World Trade Center to anchor 41-acre project in Globeville, abandoning previous plans in RiNo

A massive development just north of downtown Denver has found its anchor.

The World Trade Center Denver has selected the 41-acre Fox Park project in Globeville for its new global campus, the organization’s president and CEO, Karen Gerwitz, told Denver Business Journal in an exclusive interview Wednesday.

The move marks an abrupt change of plans for WTC, which for years had been planning to open its new Denver campus in the River North Art District. The organization had been working with developers Golub & Co. and Formativ on an office and hotel project near the 38th & Blake light rail station, but Gerwitz told DBJ that Covid-related delays, combined with changes to the project’s scope, prompted WTC to begin looking elsewhere.

Gerwitz soon turned to Fox Park, a mixed-use development that’s being planned at 4400 Fox St., near interstates 25 and 70.

In 2019, Vita Fox North LP, a partnership between Indianapolis-based Pure Development and Mexico City-based Interland, paid $56.5 million for the 41-acre site, which had been rezoned the previous year to allow for residential and mixed-use development up to 12 stories. Pure Development subsequently submitted plans to the City that proposed more than 2.2 million square feet of mixed-use space in the project’s first phase, all of which would be connected by 14 acres of parks and open space.

In late 2020, leaders with the City of Denver introduced Gerwitz to Jose Carredano, managing partner of placemaking for Pure Development, along with other members of the development team.
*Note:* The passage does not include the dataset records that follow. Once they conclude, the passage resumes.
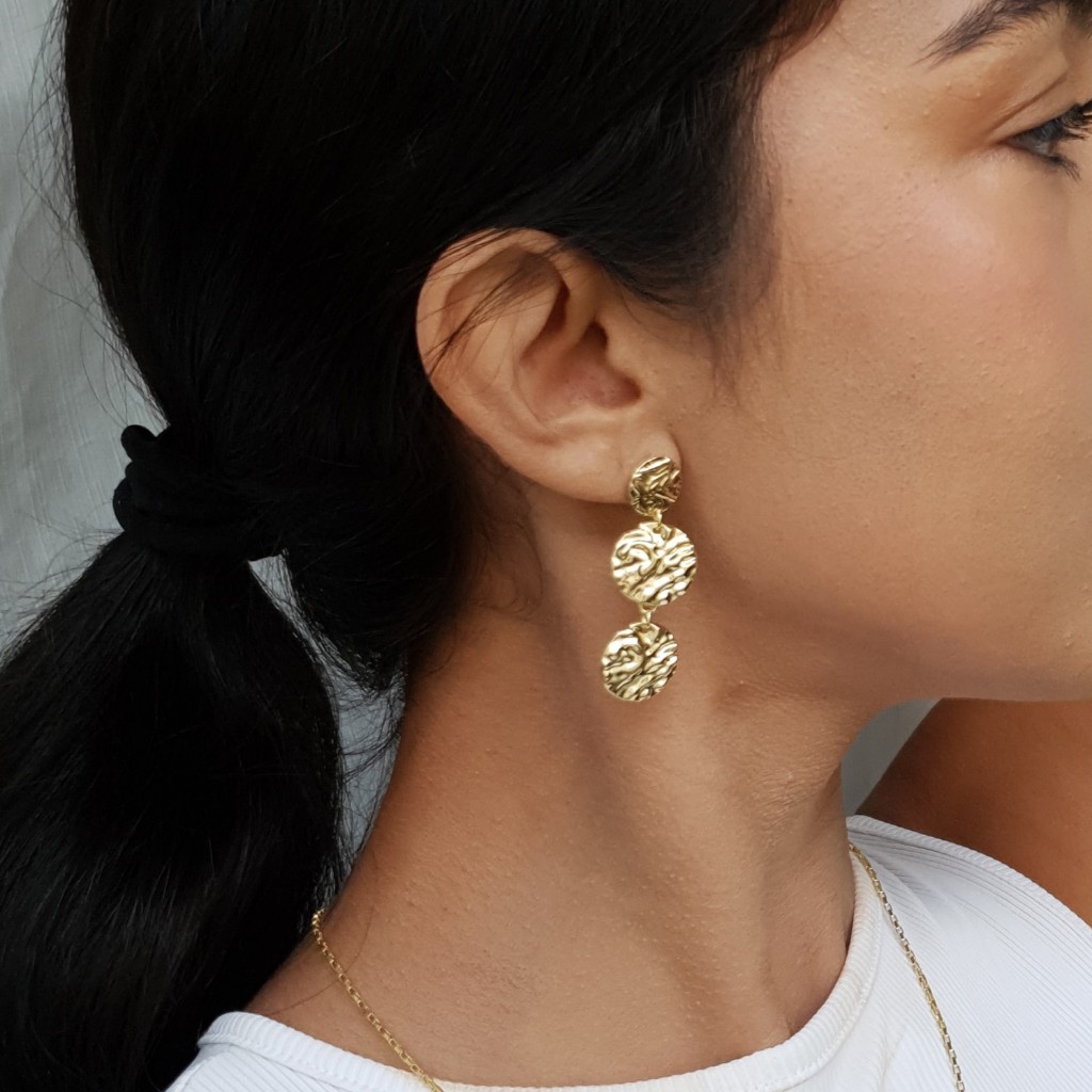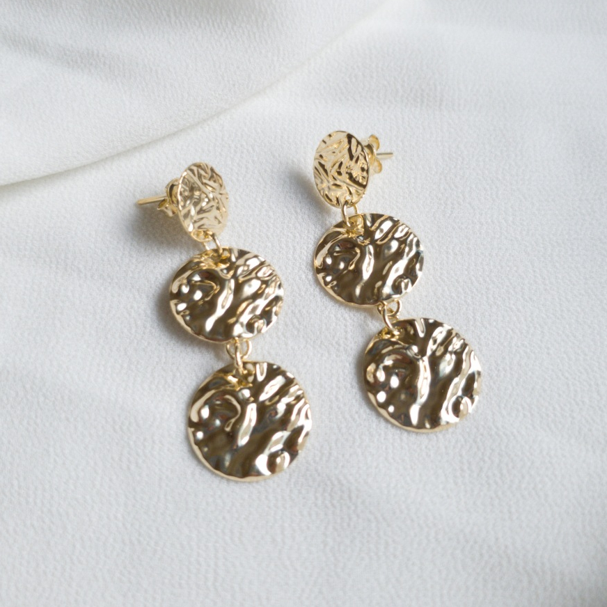 Brinco Textura Orgânica Banhado a Ouro - Semijoia Antialérgica
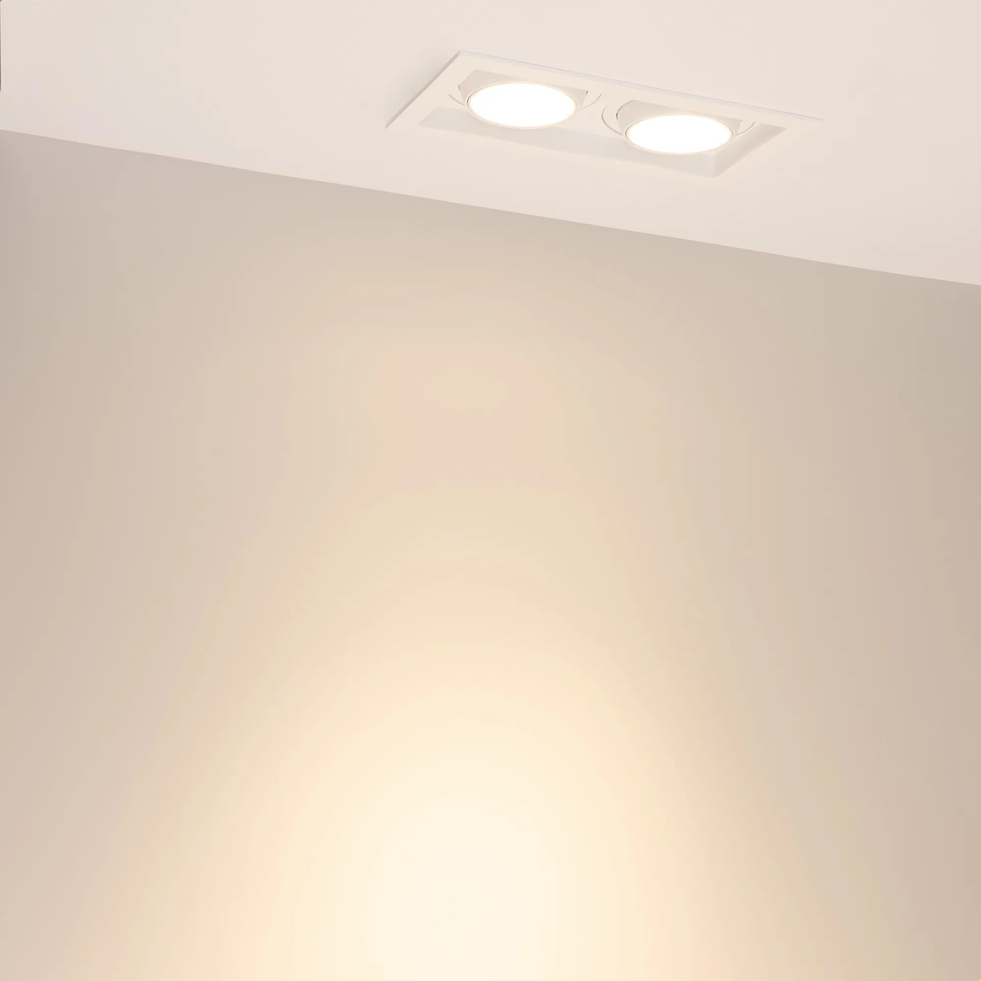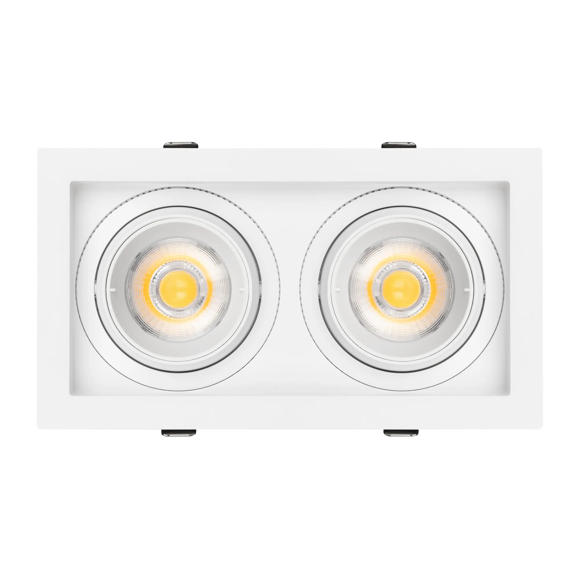 Встраиваемый карданный светильник. Мощность 2х20 Вт, св. поток 4264 лм, 106 лм/Вт, дневной 3000 K, CRI>92, угол 40°, напряжение питания 230 В. Белый корпус из алюминия, черная вставка, степень защиты IP20. Размер: длина 210 мм, ширина 117 мм, высота 105 мм. Монтаж встраиваемый, установочное отверстие: длина 190 мм, ширина 95 мм. Драйвер 24-42 В, 500 мА, пульсация <2%.
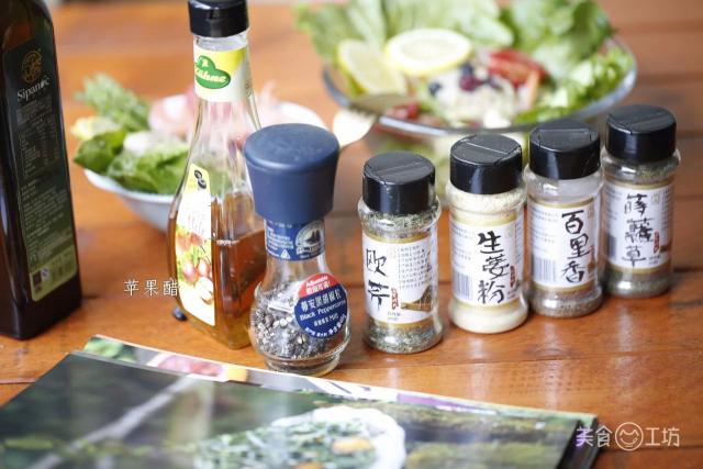橄榄油 50ml、苹果醋 15ml、蜂蜜 15ml、百里香、黑胡椒、香芹碎、姜粉、第戎芥末(不加)
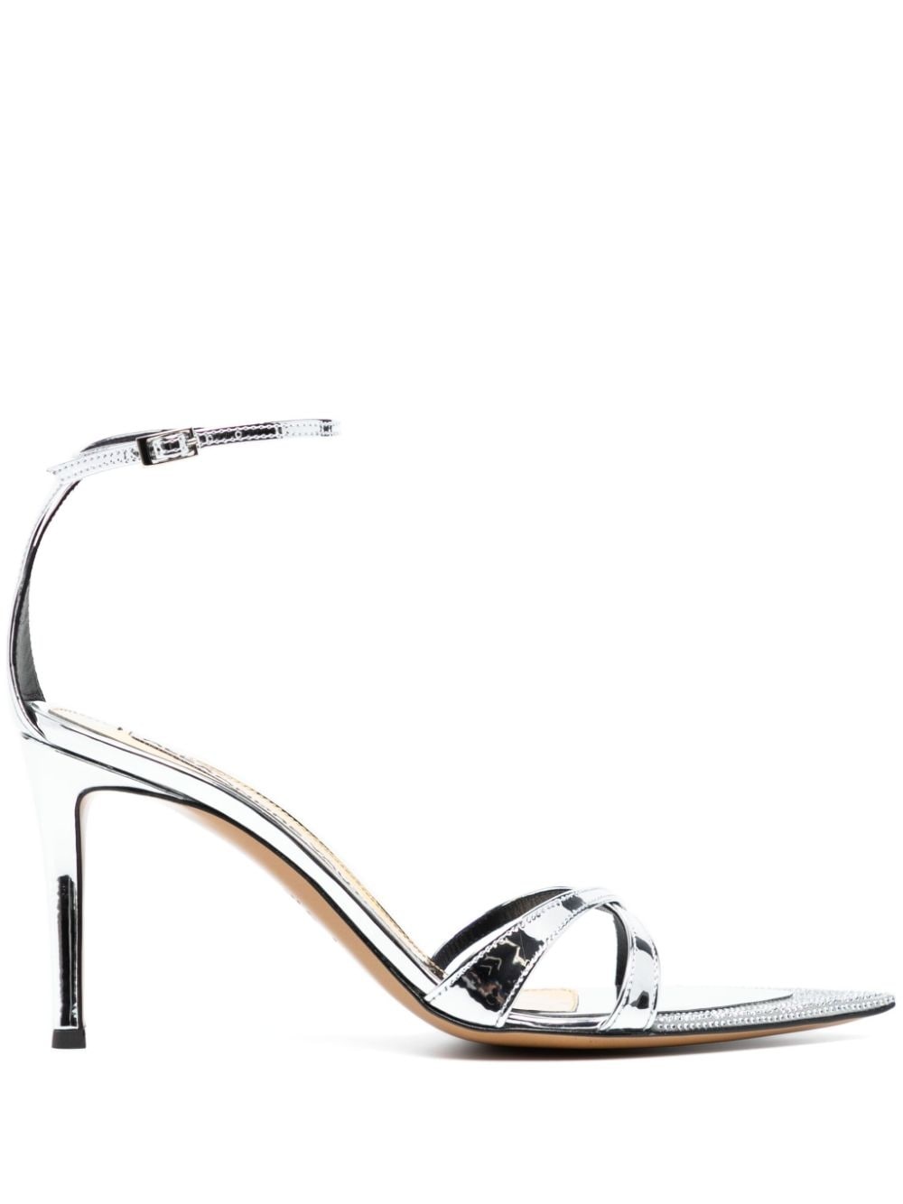 metallic-effect 85mm leather sandals Highlights - Silver-tone - Leather - Metallic finish - Buckle-fastening ankle strap - High stiletto heel - Branded footbed - Crossover strap at the toe - Open pointed toe - Leather sole Made in Italy Composition Other fibres 100% SIZE & FIT Measurement CIRCUMFERENCE 8.26 in(21 cm) HEEL 3.34 in(8.5 cm) HEIGHT 3.14 in(8 cm)
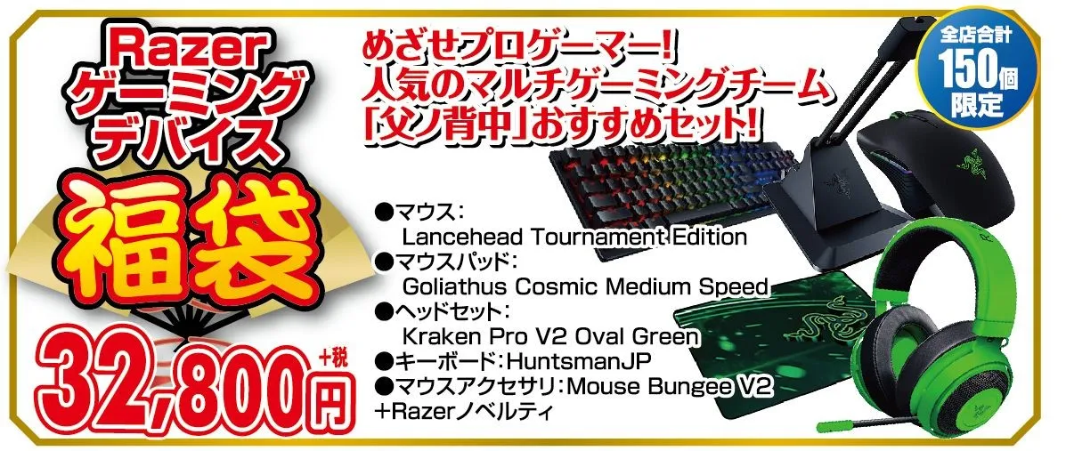3.Razerゲーミングデバイス福袋 32,800円(税別)<全店合計 150 個>
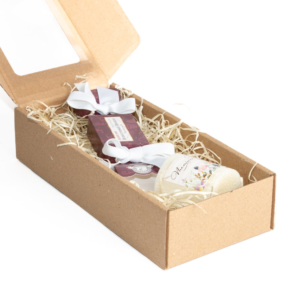 Ručně vyráběná svíčka v dárkové krabičce s elegantním přírodním mýdlem s vůní Burgundského hrozna.
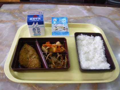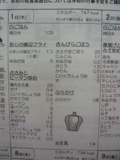 本日の献立は、白ごはん、あじの磯辺フライ、ささみとピーマン炒め、きんぴらごぼう、ふりかけ、牛乳です。
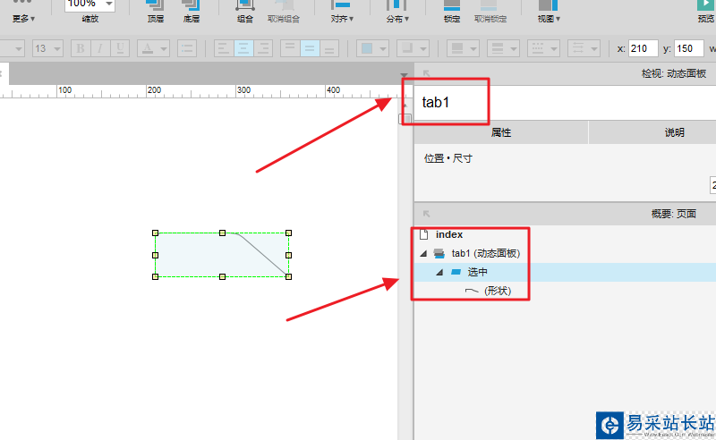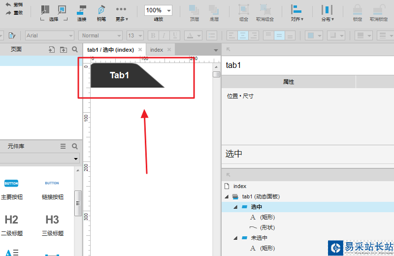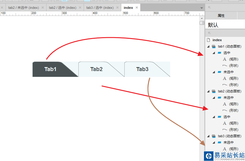 3、按照圖示,對元件進行命名,狀態命名操作,名稱分別為 tab1、選中

The two sides were then able to reach an agreement within a matter of months.

Gerwitz said the opportunity at Fox Park represented “exactly the scale and scope” that she had been hoping for in 2016, when WTC announced that it would be moving out of downtown Denver and pursuing a new campus in RiNo. Fox Park will now feature a 600,000-square-foot World Trade Center Denver Complex that will combine office space with a vast range of uses, including a cultural center, International Exhibit Hall, a boutique hotel, performing arts theater, a conference center, global and local restaurants, retail, fitness center, maker space and art galleries.

The WTC’s complex will be part of an adaptive reuse of a vacant industrial building that previously served as the home of The Denver Post’s printing press. It will be located directly adjacent to Fox Square, an open-air plaza that will function as the centerpiece of the development.

“The World Trade Center’s brand is one that really can bring a project of this magnitude — 41 acres — to life,” Gerwitz told DBJ. “You look around the world at different World Trade Centers, and you see that there are huge multi-use complexes. Denver is ready for something like this, where we can really claim our spot as a global city. When you have an active World Trade Center that’s very visible and accessible to everyone, from students to large multinationals, to immigrants, to community members, then you actually start to personify Denver as a global city. And that’s exactly what we’re hoping to do.”

Pure Development partnered with Tryba Architects to craft the mixed-use vision for Fox Park. With WTC on board, the development team gains a key partner as it seeks to attract other tenants and build out the remainder of the project.

“We always envisioned this exciting development to be an authentic, placemaking experience, which celebrates diversity in this great community,” Carredano told DBJ. “Having the World Trade Center anchor this project brings that vision to life, and we couldn’t be more pleased with our partnership.”

WTC counts more than 300 companies among its local membership, and the new complex will offer a physical space for them to gather, Gerwitz said. She said the decision to walk away from the RiNo project was “tough,” but said there were no hard feelings.

“If I had met Jose in 2016, if he were here and he had this project, and this was one of the options, this would have been our choice,” Gerwitz said. “It just wasn’t presented to me at the time. This was not an easy decision, but it was an obvious decision.”

A Formativ spokesperson told DBJ in an email that the company, along with Golub, remains committed to the planned office development in RiNo, and said leasing discussions are underway with Newmark, which will be marketing the building.

“Formativ and Golub are excited for the World Trade Center Denver organization and the announcement of their new home at Fox Park,” the statement from Formativ reads. “We understand that project delays due to the Covid pandemic created a timeline that does not align with the organization’s need for a more immediate home. We wish them all the best and look forward to celebrating the opening of their new headquarters.”

The spokesperson declined to comment further.

Carredano said the development team is currently applying for tax-increment financing for the project. WTC’s campus is expected to break ground in the second half of 2021, and begin opening in phases in the fourth quarter of 2022.